Mayor Ford a hot topic at Humber media panel

A Humber Lakeshore panel discussion on March 19 consisted of city hall reporters (from left to right) Robyn Doolittle, of the Toronto Star, and Matt Elliott of Metro, as well as Humber media studies professor John Northcott, and John McGrath, a reporter for Novae Res Urbis.

A Humber Lakeshore panel discussion on March 19 consisted of city hall reporters (from left to right) Robyn Doolittle, of the Toronto Star, and Matt Elliott of Metro, as well as Humber media studies professor John Northcott, and John McGrath, a reporter for Novae Res Urbis.

Humber’s Lakeshore Campus became a hotbed of political discussion on March 19, when a pair of expert panels explored all things Rob Ford and city hall.

The event, organized by Prof. Dan Rowe, program coordinator for Humber’s bachelor of journalism program, brought together six journalists from across Toronto who discussed Ford’s legacy and how his time in office has affected journalists and the people of Toronto.

“Regardless of what you think of Rob Ford, there’s been a lot of attention paid to him, more than there often is to mayors,” Rowe said.

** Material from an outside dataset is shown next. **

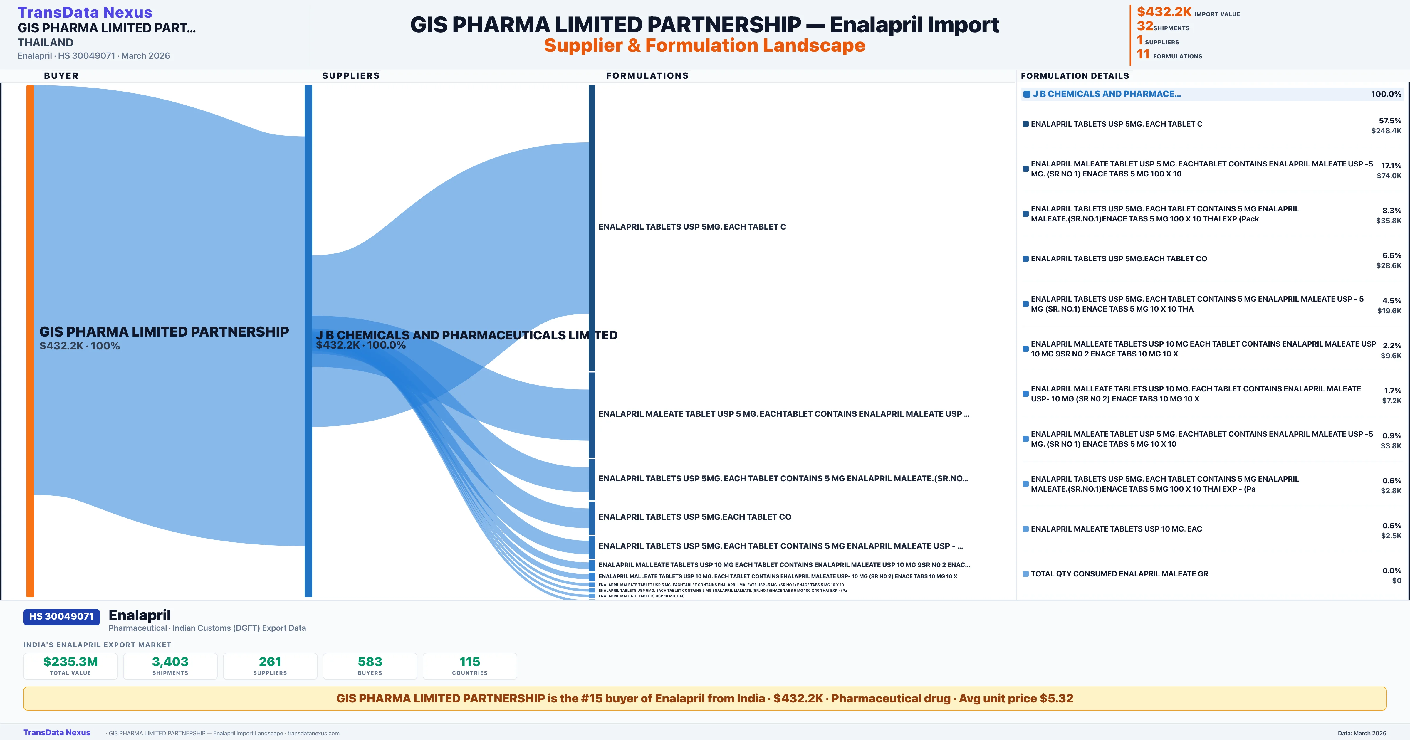 GIS PHARMA LIMITED PARTNERSHIP sources Enalapril from 1 verified Indian supplier: J B CHEMICALS AND PHARMACEUTICALS LIMITED ($432.2K, 100.0%). This is based on 32 customs records.

“Does that mean people will, regardless of what happens in the next election, maintain their level of interest in municipal politics and what goes on at city hall?”

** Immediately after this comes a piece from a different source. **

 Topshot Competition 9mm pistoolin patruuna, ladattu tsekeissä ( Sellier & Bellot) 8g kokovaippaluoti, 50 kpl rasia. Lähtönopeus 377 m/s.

Hamutal Dotan, editor-in-chief for the website Torontoist, said part of the reason why we are drawn to what happens at city hall is because it is so authentic.

“The thing about city hall, especially compared to Queen’s Park or Ottawa, is that it’s a form of government that is actually happening in front of you,” she said. “There’s a carnival aspect, but it’s real governance happening in real time.”

Edward Keenan, a senior editor with The Grid, a free weekly publication owned by the Toronto Star, argues we are starting to see a Toronto that tires of the sideshow.

“I feel there’s fatigue,” he said.

Keenan said interest peaked on the day the Ontario appeal court announced the mayor had won his conflict of interest case in which a previous court ruling had stripped him of the mayoral chair.

Keenan said that reaching a peak of attention for Ford might actually be in city hall’s best interests.

“Some of that interest that then leads to fatigue rubs off into more interest,” he said, suggesting that people may then turn their attention to issues around city hall, such as transit or homelessness, instead of focusing on scandals.

However, Keenan said shifts in interest do not mean people will, or should, cease paying attention to Ford and it is important to distinguish between the man and the office, and the actions of each.

“The mayor of Toronto can be a very important person in the city. Despite our weak mayor, the office can make a lot happen. The mayor controls the agenda, there’s just not a lot on the agenda right now.”

Ivor Tossell, moderator of the panel and a professor in Humber’s School of Media Studies and Information Technology, gave a four-legged analogy to illustrate how all mayors may not be created equally.

“Sometimes a dog park issue is a seething cauldron of politics and intrigue, a microcosm of the very essence of life itself. And sometimes it’s a dog park.”